→ **Data provided**:
=======
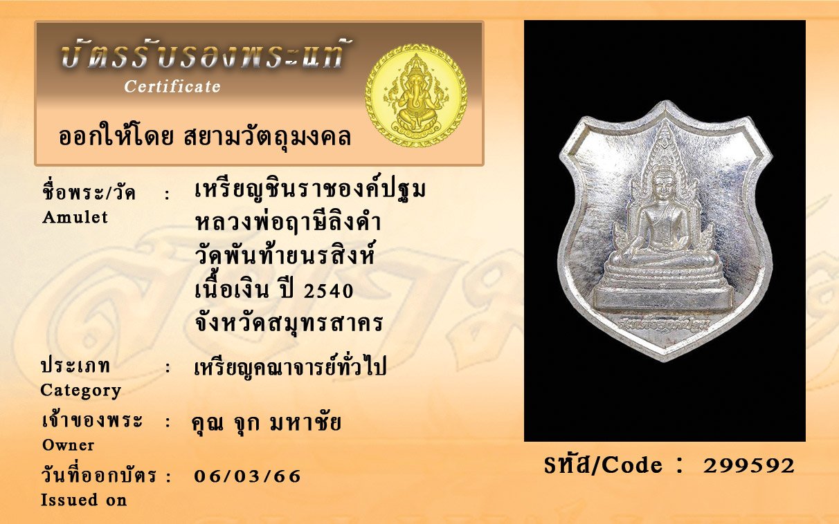 รหัสสินค้า : 299592 เหรียญชินราชองค์ปฐม หลวงพ่อฤาษีลิงดำ วัดพันท้ายนรสิงห์ เนื้อเงิน ปี 2540 จังหวัดสมุทรสาคร
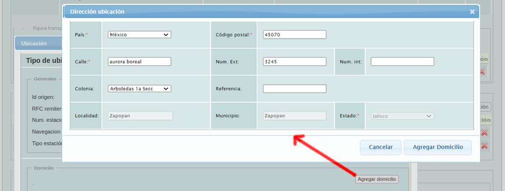 Es obligatorio agregar un domicilio, los campos requeridos son: País, Calle, Colonia y Código postal; al introducir el código postal, la plataforma de SF le proporcionará los datos de la Localidad, el Municipio y el Estado de la dirección de manera automática.
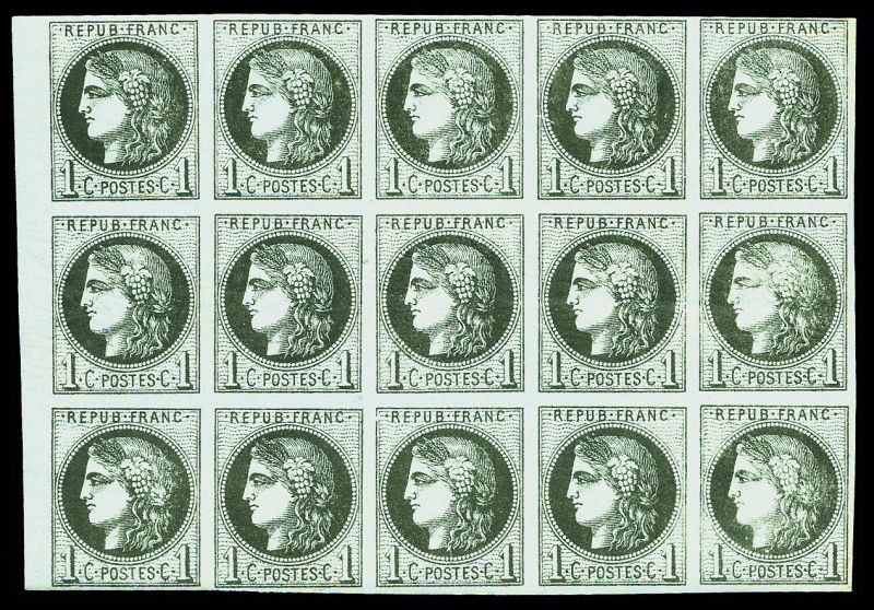 713 imageN°39Aa, 1c olive très foncé Report I, bloc report de 15 exemplaires, bord de feuille latéral gauche, FRAÎCHEUR POSTALE, SUPERBE (signé Calves/certificat) Qualité: ** (Image)
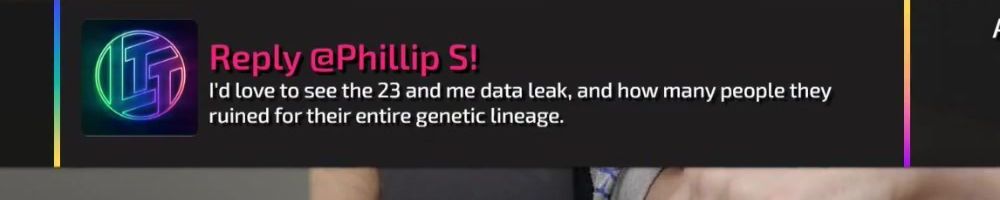 Reply @Phillip S! I'd love to see the 23 and me data leak, and how many people they ruined for their entire genetic lineage.
=======
→ **What the task asks**:
Nothing but the lines from the one containing "713 imageN°39Aa, 1c" through the last line of the listing should be copied, each word for word and without pictures.

→ **Result of the task**:
 713 imageN°39Aa, 1c olive très foncé Report I, bloc report de 15 exemplaires, bord de feuille latéral gauche, FRAÎCHEUR POSTALE, SUPERBE (signé Calves/certificat) Qualité: ** (Image)
 Reply @Phillip S! I'd love to see the 23 and me data leak, and how many people they ruined for their entire genetic lineage.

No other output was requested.